- AIM OF THE TASK: Restate, exactly as written, the entries below from the line that holds "Featuring a trendy" through the line that holds "Introducing a stylish". Pictures are not part of the copy.

- INPUT MATERIAL:
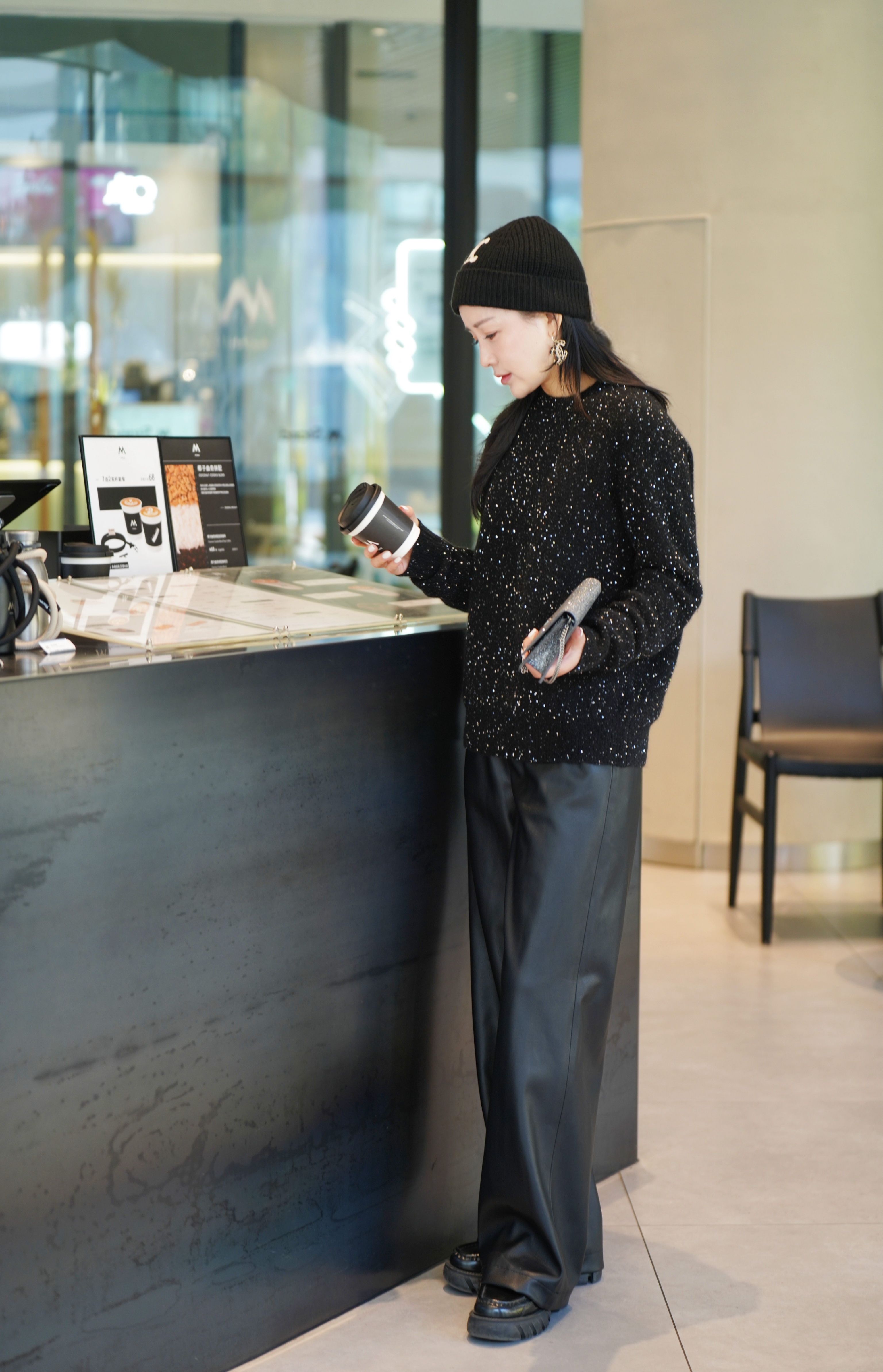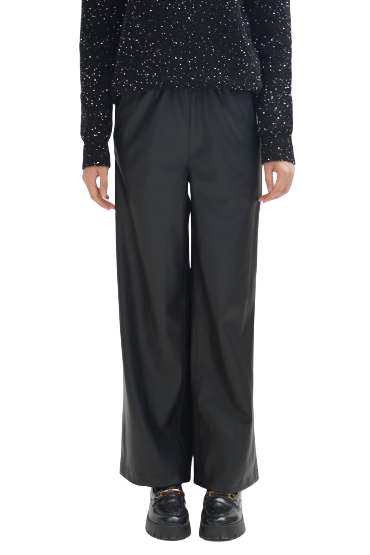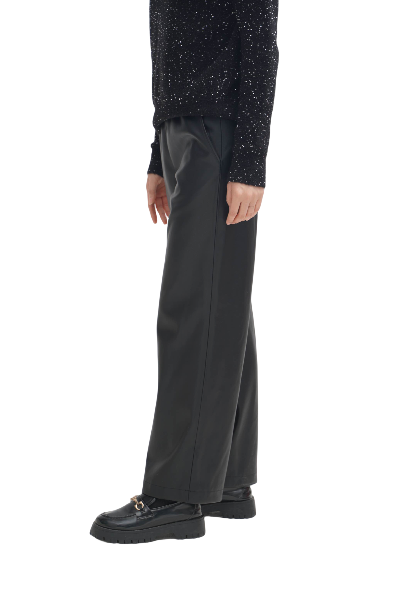 皮裤:选用100%聚酯纤维的仿羊皮手感面料,细腻柔韧,非常有质感,宽松利落的流线型裤腿,修饰腿型且遮肉显瘦,松紧腰头建议卡码拍小。免洗或轻柔冷水手洗,平铺晾挂。
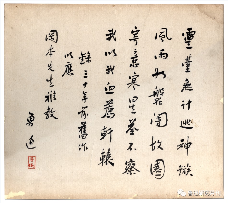 1932年,魯迅贈岡本繁(“自題小像”),北京魯迅博物館藏
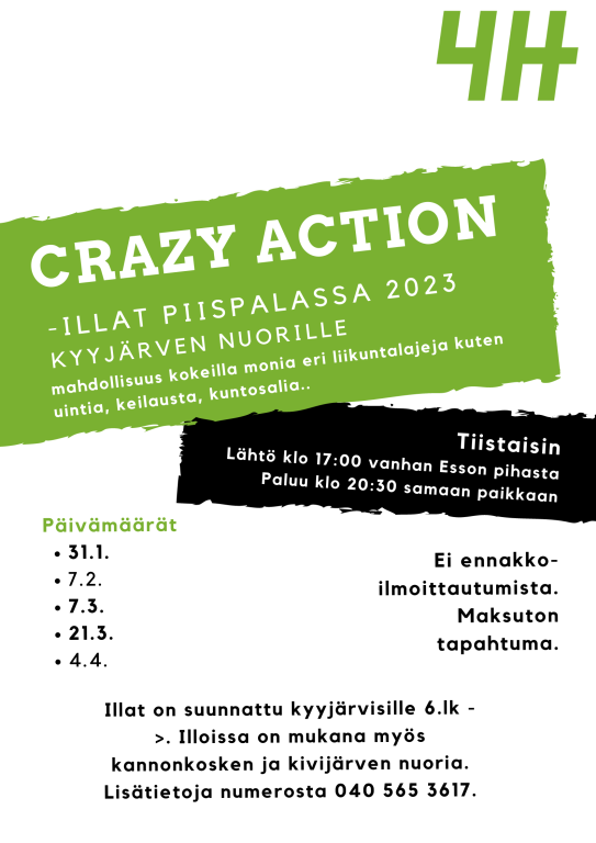 Crazy action-illat Piispalassa jatkuvat! Illat on suunnattu Kyyjärven nuorille, 6.luokkalaisille ja sitä vanhemmille.
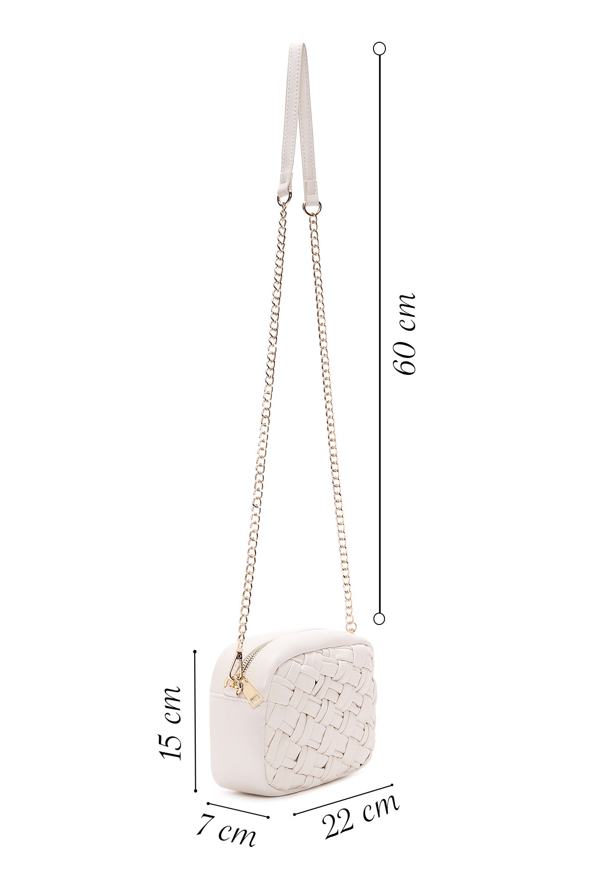 Kadın Krem Uzun Zincir Askılı Örgü Çapraz Çanta
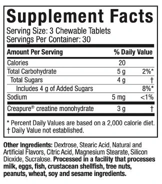 MuscleTech Creatine Chews offer a convenient and delicious way to experience the muscle-building benefits of creatine. Each serving packs a research-backed dose of 3 grams of Creapure® creatine monohydrate, a highly regarded and rigorously tested form of creatine. This means you can ditch the messy powders and shakers and enjoy a tasty, chewable alternative that delivers the same powerful results. Creatine Chews by MuscleTech provide an easy-on-the-go option for your daily creatine supplementation, each chew contains 1g of CreaPure which provides the benefit of:
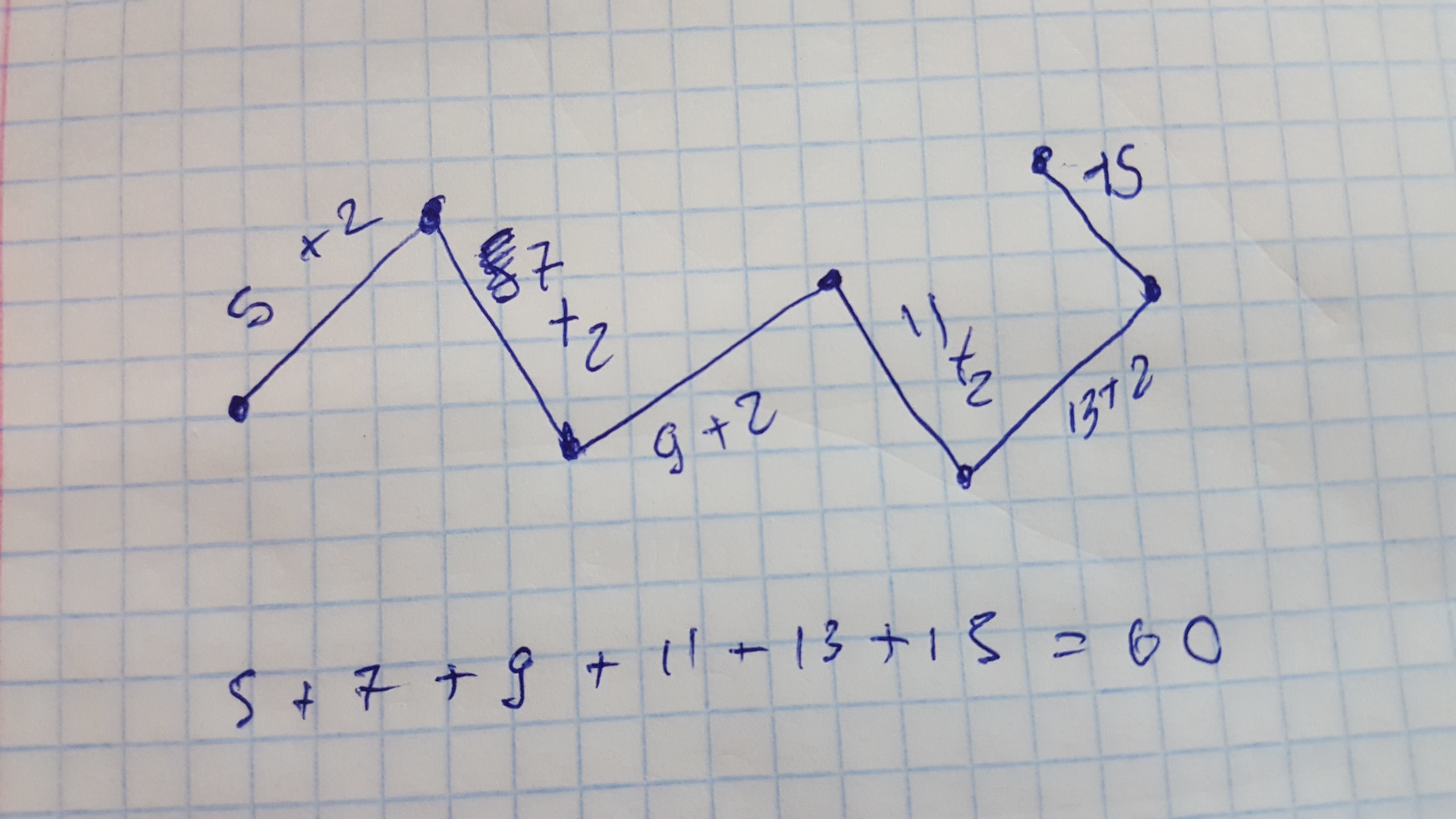 Все просто, для начала начертим 6 звеньев. 1ое звено =5 далльше прибавляем по 2 к каждому последующему
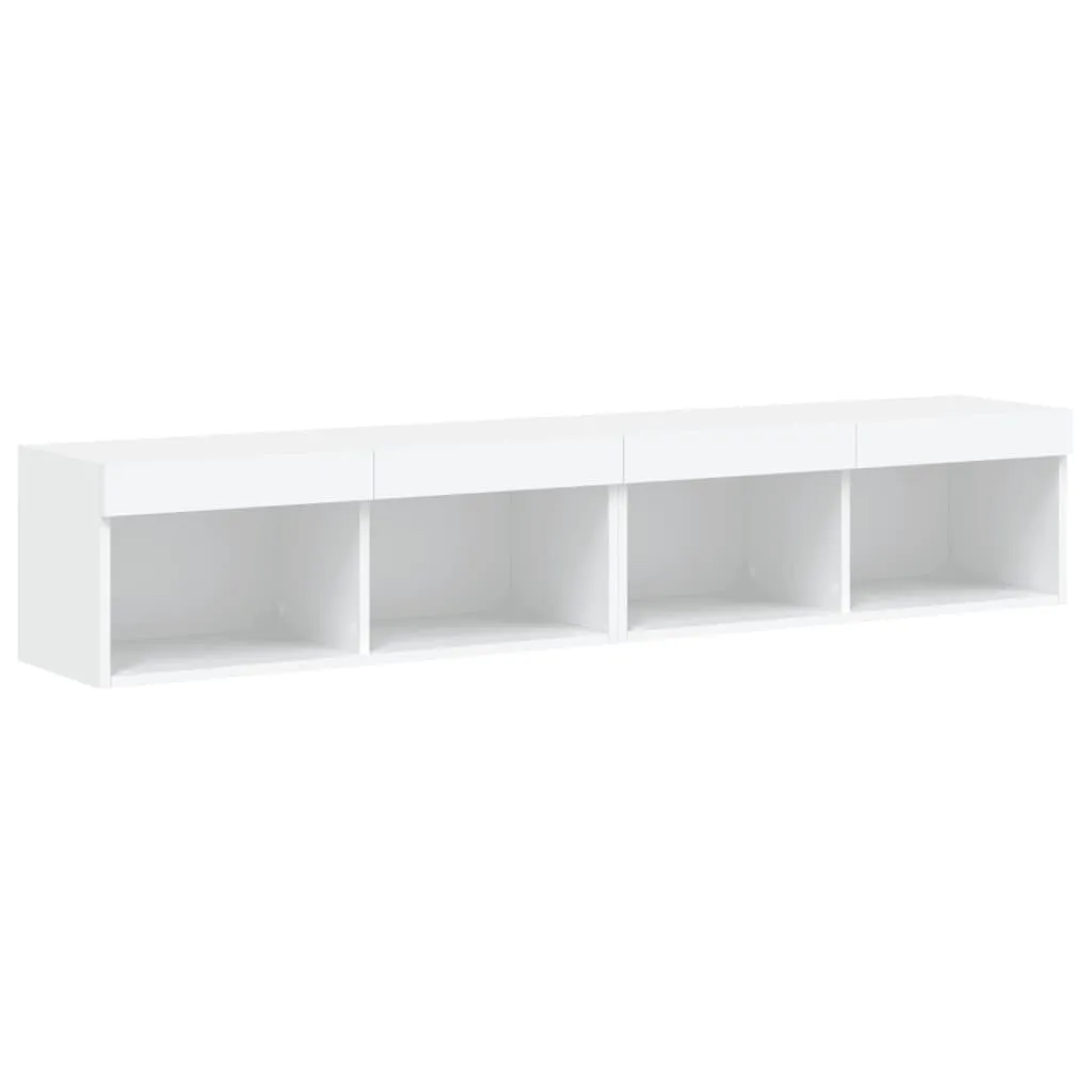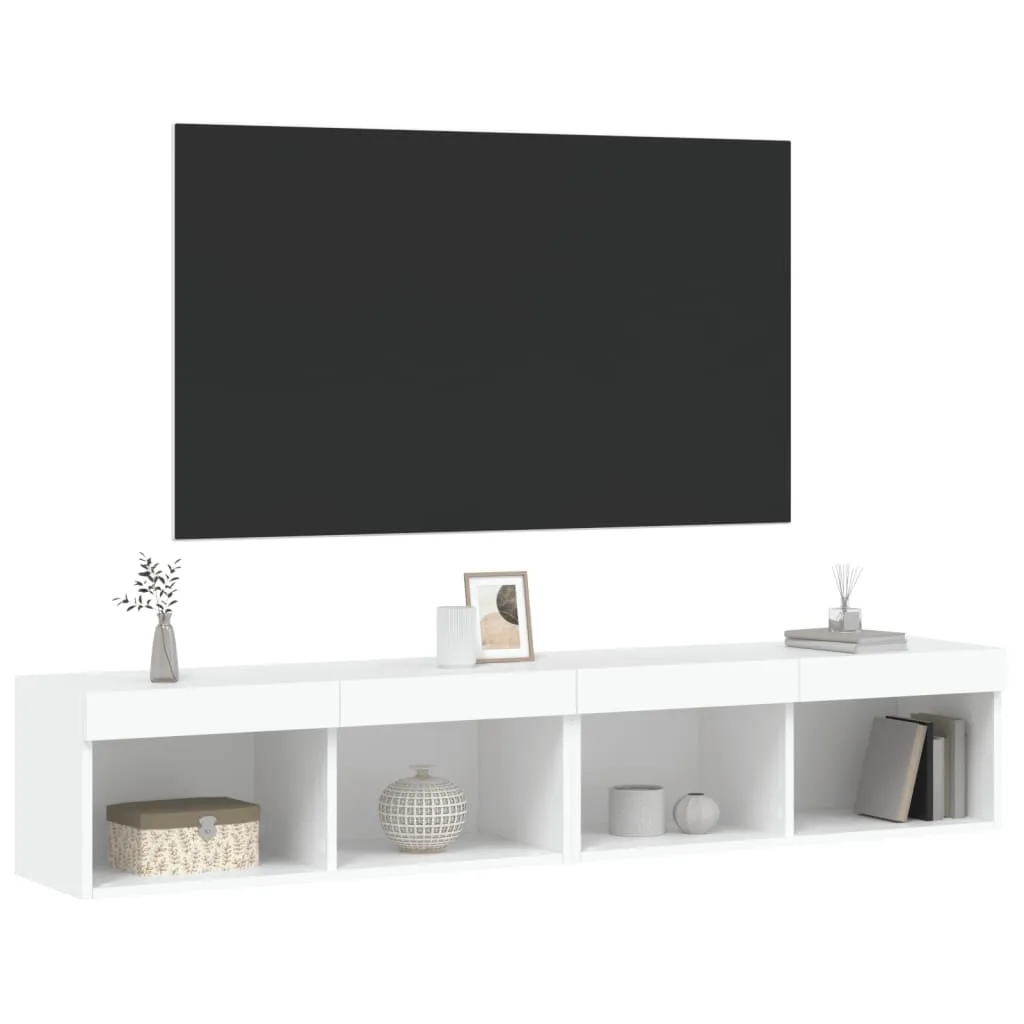 Featuring a trendy yet practical design, these TV cabinets with LED lights will become a focal point of your room. Durable material: The engineered wood is of exceptional quality with smooth surface and also features strength, stability and resistance to moisture. Made of engineered wood, these TV stands are sturdy and durable.Ample storage space: These TV units offer ample storage space for keeping your DVD players, receivers, disks, and other small items well organised and within reach.RGB LED lights: These entertainment centres feature RGB LED lights, which have different menus to change the colour of lights and let the colour adjust automatically.Wall-mounted design: These media cabinets can be wall-mounted to add extra storage space. That way, you can maximise your floor space and keep the area clean. Good to know:Screws and plugs for inside the wall are not included. We advise to find and use screws and plugs suitable specifically for your walls. If you're not sure, you can consult with a professional. Please read and follow each step of the instructions.The product has a USB connector that requires a certified 5V USB power source (not included).
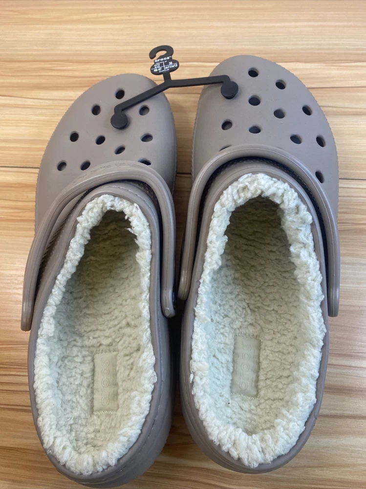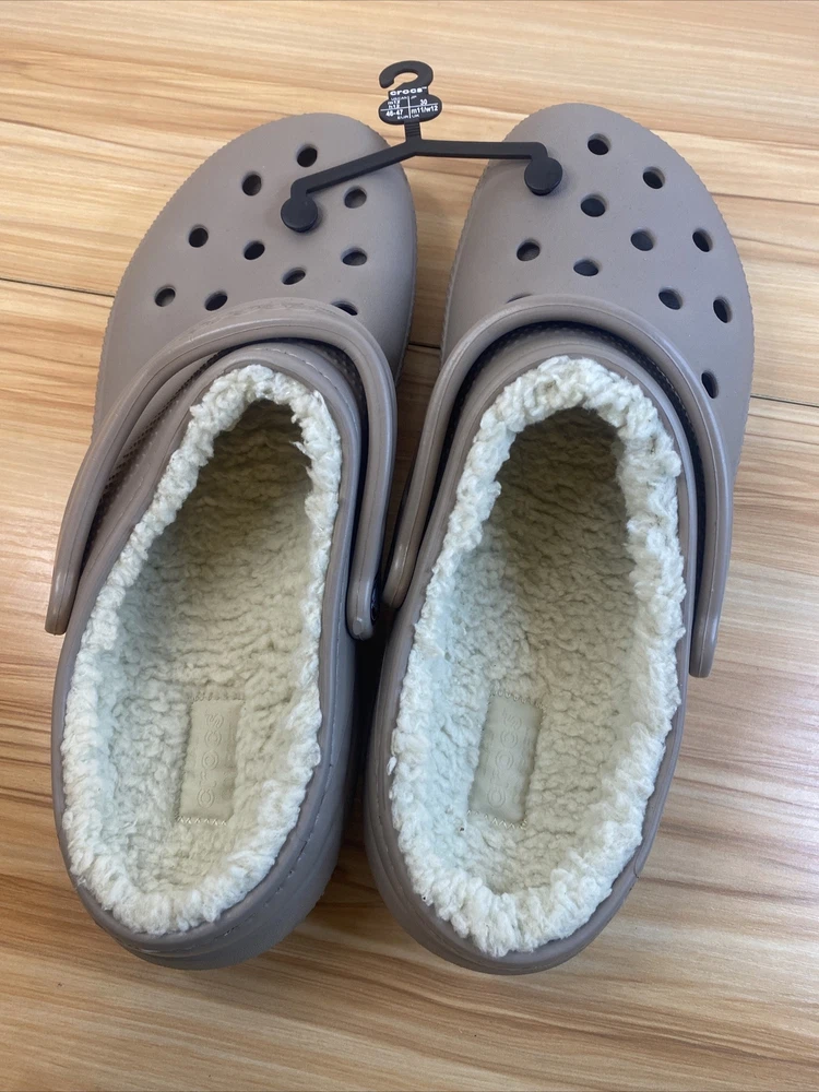 Introducing a stylish and comfortable slip-on clog shoe from Crocs. With a round toe shape and standard shoe width, this shoe is perfect for women who want to stay comfortable during casual and activewear occasions. The outsole is made of Croslite material, while the upper faux fur material lining is perfect for those cooler fall, summer, and spring days. Featuring a non-slip, lined, and comfortable interior, this shoe is perfect for those who want to stay cozy and stylish. Additionally, it comes with a strap and logo accents, making it perfect for beach and lounging around home themes. Get your hands on this Crocs Crocband model today, perfect for all your casual needs. item looks to be in good condition, item inspected to the best of our abilities item is new without tags size men 11 women's 12
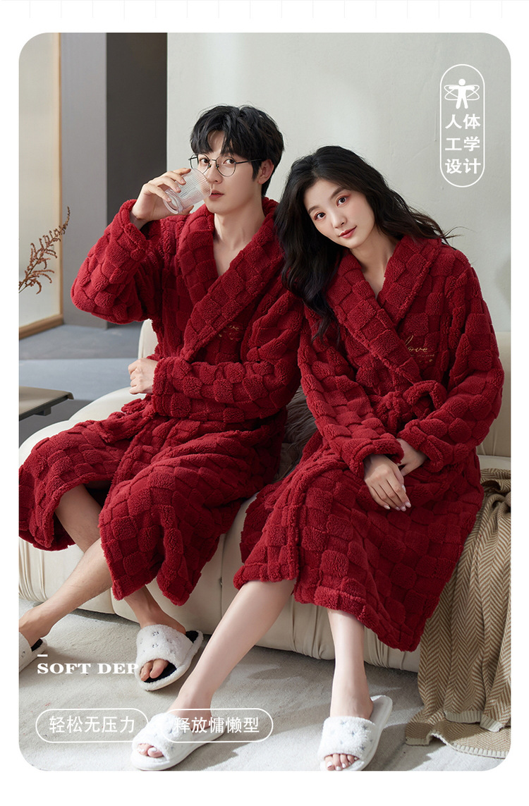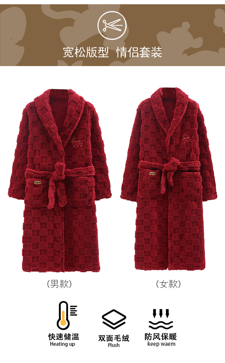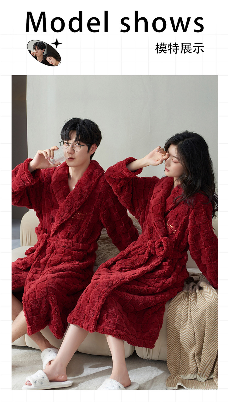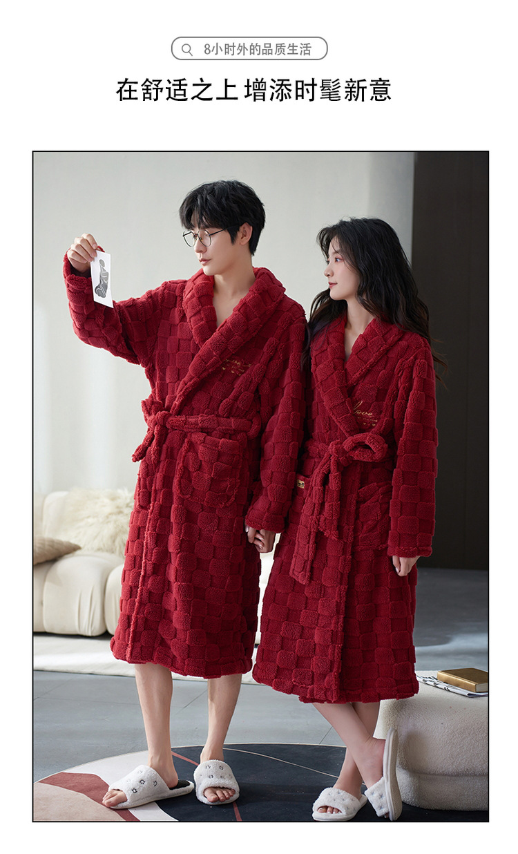 잠옷 웨딩 신혼 부부 세트 레드 산호 양털 남녀 두꺼운 기모 커플 잠옷 가을과 겨울

- OUTPUT OF THE EXERCISE:
 Featuring a trendy yet practical design, these TV cabinets with LED lights will become a focal point of your room. Durable material: The engineered wood is of exceptional quality with smooth surface and also features strength, stability and resistance to moisture. Made of engineered wood, these TV stands are sturdy and durable.Ample storage space: These TV units offer ample storage space for keeping your DVD players, receivers, disks, and other small items well organised and within reach.RGB LED lights: These entertainment centres feature RGB LED lights, which have different menus to change the colour of lights and let the colour adjust automatically.Wall-mounted design: These media cabinets can be wall-mounted to add extra storage space. That way, you can maximise your floor space and keep the area clean. Good to know:Screws and plugs for inside the wall are not included. We advise to find and use screws and plugs suitable specifically for your walls. If you're not sure, you can consult with a professional. Please read and follow each step of the instructions.The product has a USB connector that requires a certified 5V USB power source (not included).
 Introducing a stylish and comfortable slip-on clog shoe from Crocs. With a round toe shape and standard shoe width, this shoe is perfect for women who want to stay comfortable during casual and activewear occasions. The outsole is made of Croslite material, while the upper faux fur material lining is perfect for those cooler fall, summer, and spring days. Featuring a non-slip, lined, and comfortable interior, this shoe is perfect for those who want to stay cozy and stylish. Additionally, it comes with a strap and logo accents, making it perfect for beach and lounging around home themes. Get your hands on this Crocs Crocband model today, perfect for all your casual needs. item looks to be in good condition, item inspected to the best of our abilities item is new without tags size men 11 women's 12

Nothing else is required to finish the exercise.